== Segment start ==

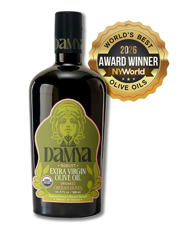 Damya Robust EVOO is made from hundred-year-old trees organically cultivated using ancestral techniques.
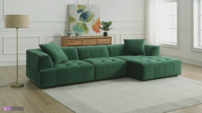Das grüne Samt-Ecksofa KELIA mit nach rechts gerichteter Chaiselongue ist ein modernes Möbelstück, das Ästhetik und Komfort vereint. Mit seinen großzügigen Abmessungen und dem schlichten, eleganten Design eignet sich das Samt-Ecksofa KELIA perfekt für ein geräumiges, modernes Wohnzimmer.
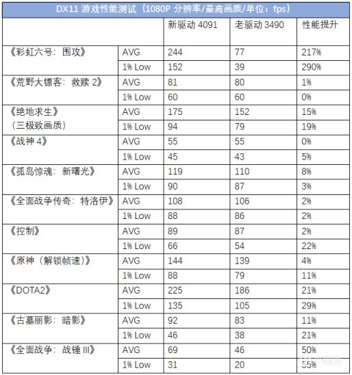 ▲新驅動優化了多款遊戲中的性能和兼容性表現
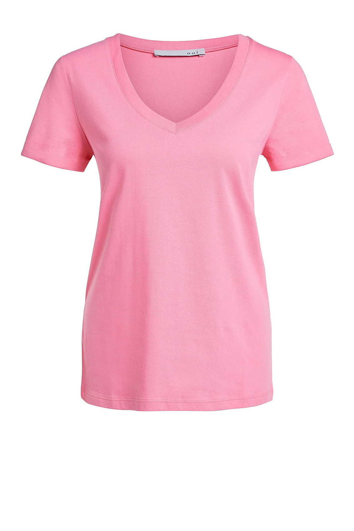 Базовая однотонная футболка сочетается с любыми вещами и является необходимым элементом современного гардероба. Прямой покрой, V-образный вырез горловины, короткие втачные рукава. Приятный к телу хлопковый материал обеспечивает комфорт в ношении.
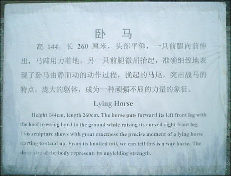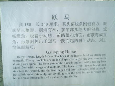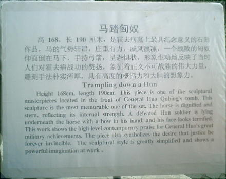 墓は霍去病が匈奴との戦いに明け暮れた「祁連山」の形を象った塚で、墓前に武帝がその戦功をたたえて建てた大型の石刻

== Segment end ==

Exercise goal
From the line that contains "Базовая однотонная футболка" to the final line of the entries, reproduce every line exactly, both ends included. Leave out all pictures.

Solution for this problem
 Базовая однотонная футболка сочетается с любыми вещами и является необходимым элементом современного гардероба. Прямой покрой, V-образный вырез горловины, короткие втачные рукава. Приятный к телу хлопковый материал обеспечивает комфорт в ношении.
 墓は霍去病が匈奴との戦いに明け暮れた「祁連山」の形を象った塚で、墓前に武帝がその戦功をたたえて建てた大型の石刻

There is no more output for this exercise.